Vous évoquez le recours possible au comité régional de reconnaissance des maladies professionnelles. A mon avis, ce recours n’aboutira pas (ce n’est pas une raison pour ne pas le tenter, mais il faut s’attendre à un échec) car la notion même de maladie professionnelle n’est pas remplie.
Les dossiers adressés aux CRRMP, au titre du 3° alinéa de l’article L. 461-1, sont ceux pour lesquels le titre du tableau et les critères de désignation des maladies sont respectés, mais pour lesquels une ou plusieurs conditions tenant au délai de prise en charge, à la durée d’exposition ou à la limite limitative des travaux ne sont pas remplies. Dans votre dossier, le problème est que les critères de désignation de la maladie ne sont pas respectés (déficit d’au moins 35 db).

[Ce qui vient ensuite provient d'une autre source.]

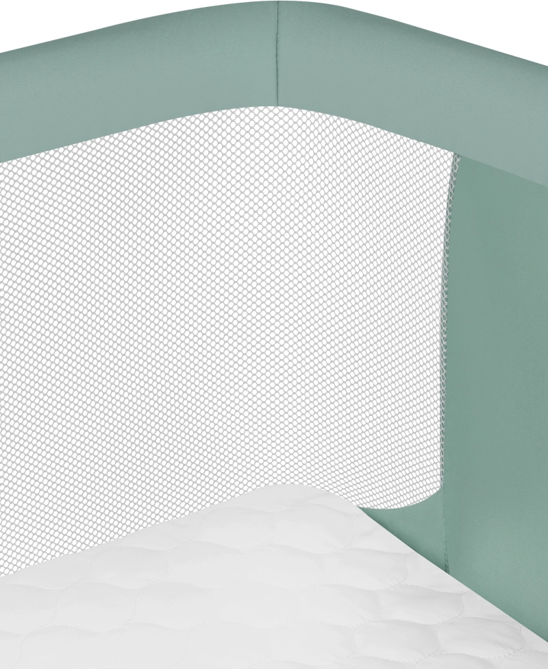Az oldalra nyitható panel gyors és biztonságos hozzáférést biztosít a babához, míg a hálós oldalfalak kiváló légáramlást és láthatóságot nyújtanak.
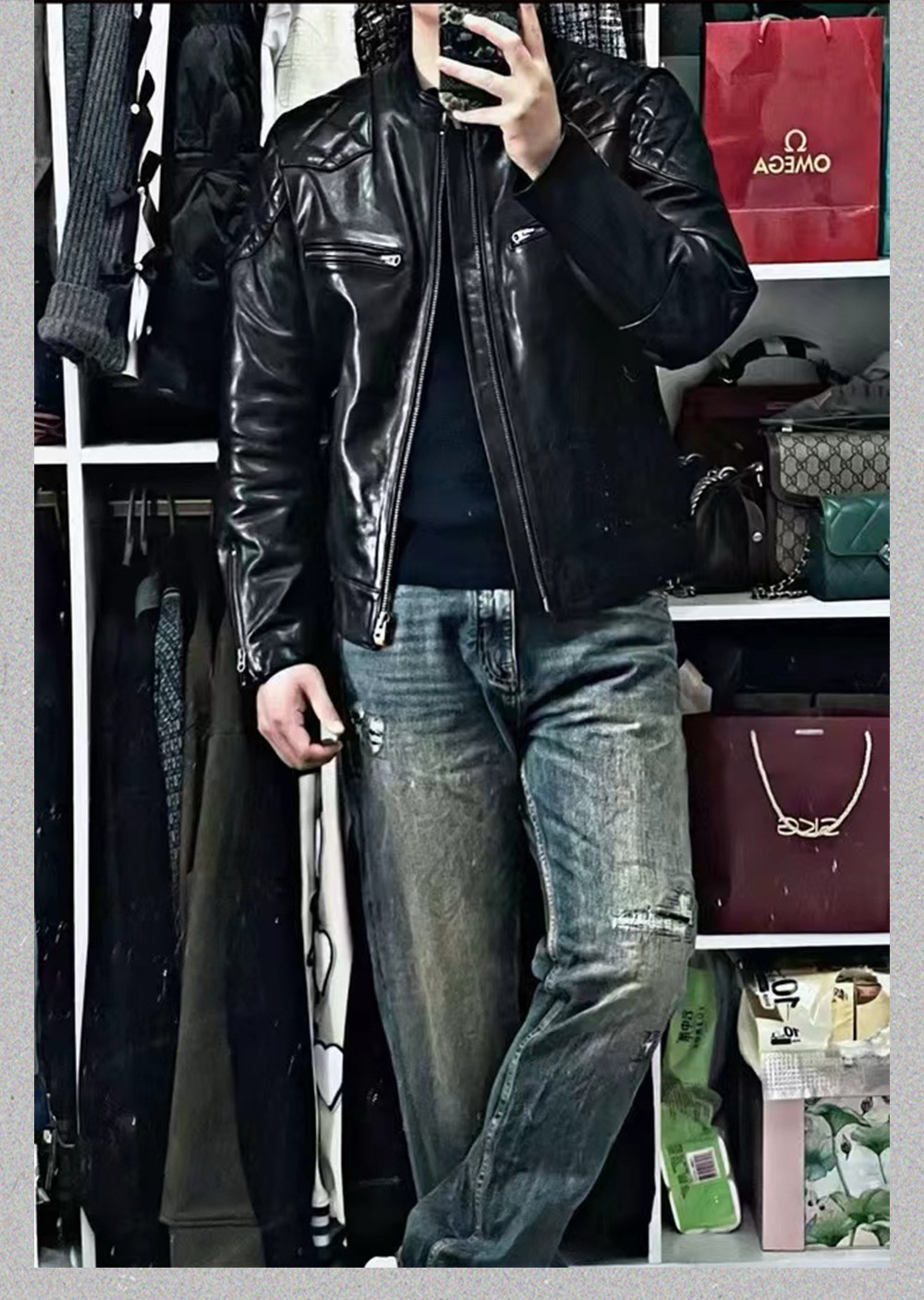 1.4mm Uncoated Vegetable-Tanned Calfskin Leather Jacket, Same Style as Beckham, Washed Vintage Genuine Leather Men's Leather Jacket

De toute manière pour constituer ce dossier, il vous faut notamment « un avis motivé du médecin du travail », donc c’est une raison supplémentaire de le rencontrer.
Le médecin de l’assurance maladie a sur ce point raison, et l’argument de la Carsat est uniquement administratif et général et ne tient pas compte de votre cas médical spécifique et des critères de votre maladie vis-à-vis de sa reconnaissance comme maladie professionnelle et ne correspond donc pas à la réalité objective de votre dossier.
En résumé, il me paraît que la maladie professionnelle sur les bases que vous donnez concernant le tableau 42 ne sera pas retenue.
Mais, je vous indiquai au début de ce mail que la question générale de départ anticipé à la retraite, au-delà de cette question de maladie professionnelle, est plus complexe et qu’il vous faut l’étudier de manière complémentaire (notion d’inaptitude au travail par exemple, avec une étude précise des droits contingents).
Je comprends devant « l’usure au travail » que l’on éprouve le désir d’un départ anticipé. Mais les textes de droit sont implacables concernant la législation des maladies professionnelles. J’espère que cette longue réponse vous a éclairé, même si elle n’apporte pas une issue positive à votre problème personnel.